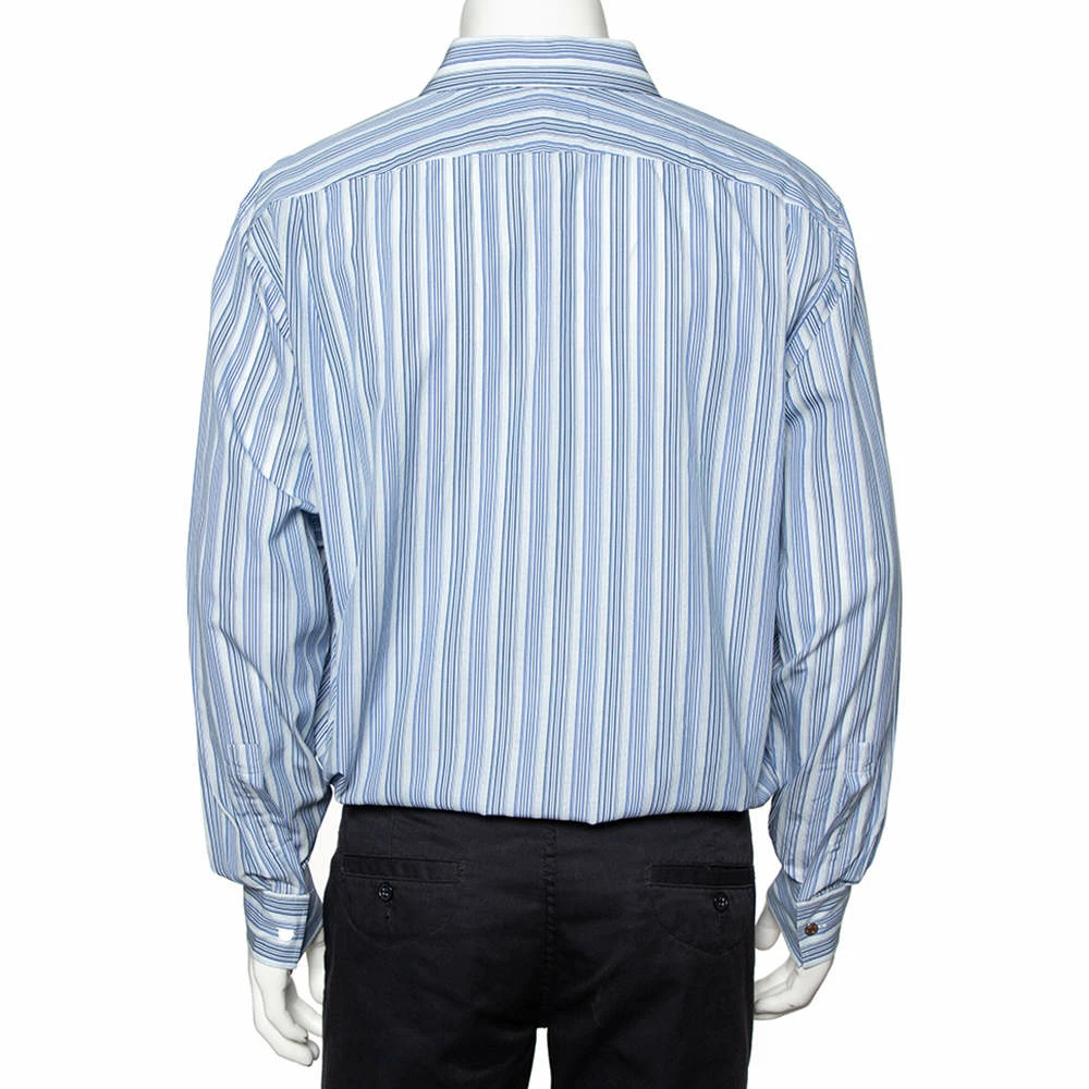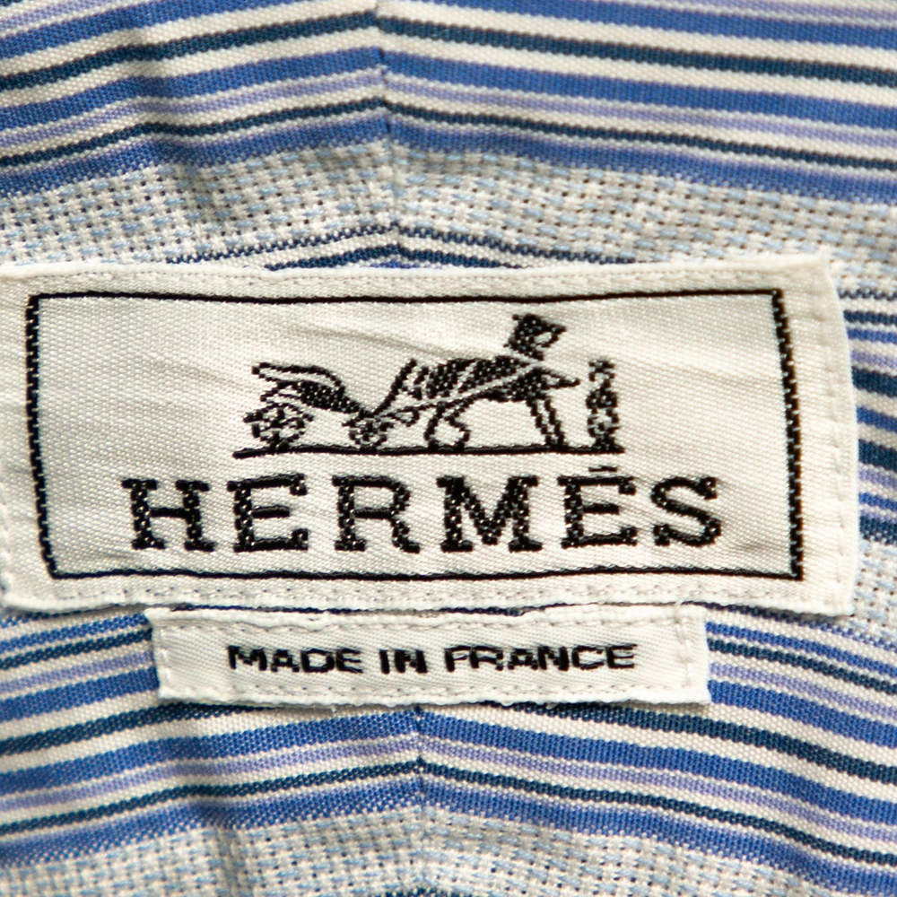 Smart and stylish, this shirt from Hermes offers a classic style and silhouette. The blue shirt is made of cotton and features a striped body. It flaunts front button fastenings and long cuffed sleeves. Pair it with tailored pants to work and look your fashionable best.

########

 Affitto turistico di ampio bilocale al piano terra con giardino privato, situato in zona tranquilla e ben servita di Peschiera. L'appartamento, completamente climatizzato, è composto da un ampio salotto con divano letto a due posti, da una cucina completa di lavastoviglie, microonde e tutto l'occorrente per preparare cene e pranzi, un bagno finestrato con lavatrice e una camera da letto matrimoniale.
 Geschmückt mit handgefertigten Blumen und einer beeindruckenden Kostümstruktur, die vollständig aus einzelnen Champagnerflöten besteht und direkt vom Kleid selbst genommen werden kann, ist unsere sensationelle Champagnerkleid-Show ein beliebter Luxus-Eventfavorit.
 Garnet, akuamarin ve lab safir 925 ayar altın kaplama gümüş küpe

########

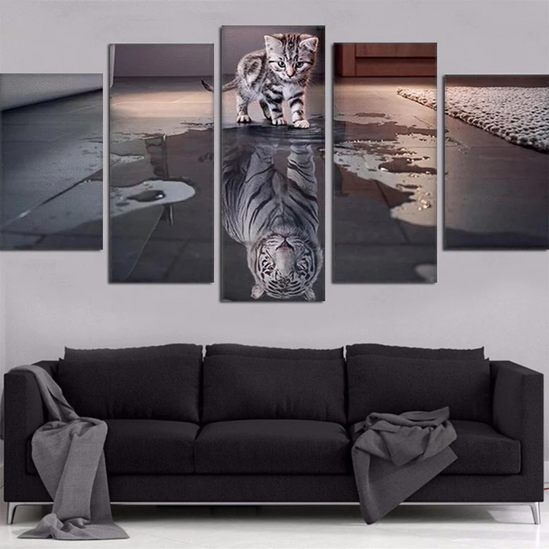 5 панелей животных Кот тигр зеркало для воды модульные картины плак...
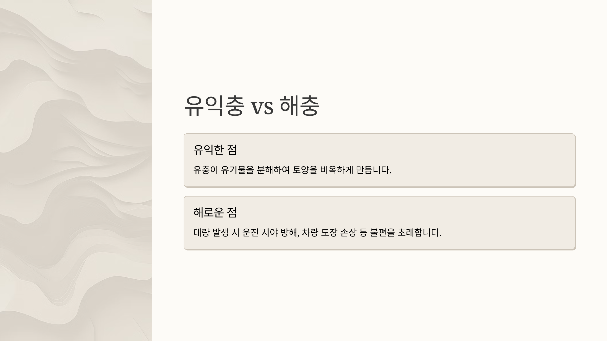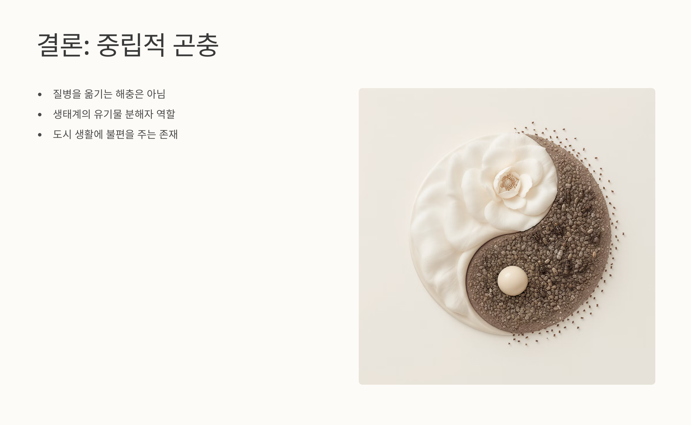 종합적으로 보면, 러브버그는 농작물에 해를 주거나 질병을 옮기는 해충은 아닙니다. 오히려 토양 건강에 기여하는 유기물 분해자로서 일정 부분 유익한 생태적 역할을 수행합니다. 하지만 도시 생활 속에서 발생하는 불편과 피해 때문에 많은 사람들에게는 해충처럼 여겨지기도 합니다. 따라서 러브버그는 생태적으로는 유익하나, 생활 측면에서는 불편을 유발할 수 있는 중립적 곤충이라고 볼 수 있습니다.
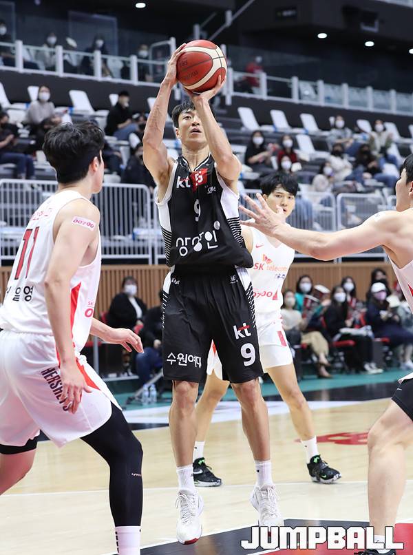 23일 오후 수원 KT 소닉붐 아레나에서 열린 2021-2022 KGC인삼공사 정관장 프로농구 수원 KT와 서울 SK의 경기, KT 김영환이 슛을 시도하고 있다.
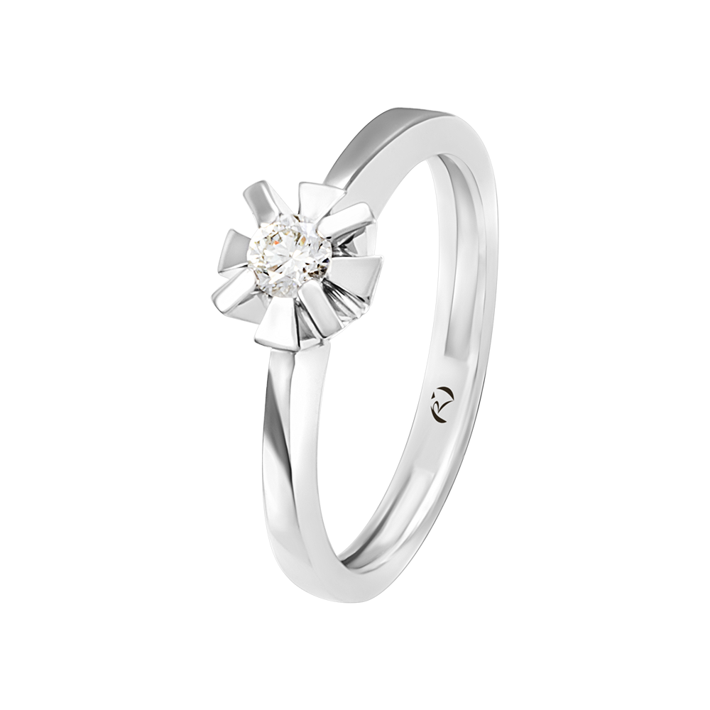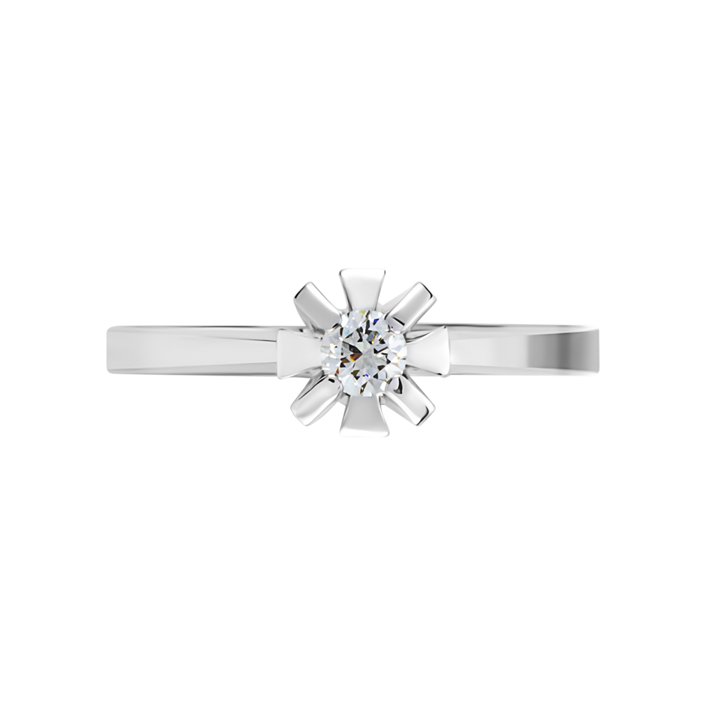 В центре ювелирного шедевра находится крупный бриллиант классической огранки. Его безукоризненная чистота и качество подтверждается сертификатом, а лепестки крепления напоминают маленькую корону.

########

§ **Your goal**:
To complete this exercise, transcribe exactly the lines above from the one that holds "5 панелей животных" through the one that holds "종합적으로 보면, 러브버그는". Pictures stay out.

§ **Exercise output**:
 5 панелей животных Кот тигр зеркало для воды модульные картины плак...
 종합적으로 보면, 러브버그는 농작물에 해를 주거나 질병을 옮기는 해충은 아닙니다. 오히려 토양 건강에 기여하는 유기물 분해자로서 일정 부분 유익한 생태적 역할을 수행합니다. 하지만 도시 생활 속에서 발생하는 불편과 피해 때문에 많은 사람들에게는 해충처럼 여겨지기도 합니다. 따라서 러브버그는 생태적으로는 유익하나, 생활 측면에서는 불편을 유발할 수 있는 중립적 곤충이라고 볼 수 있습니다.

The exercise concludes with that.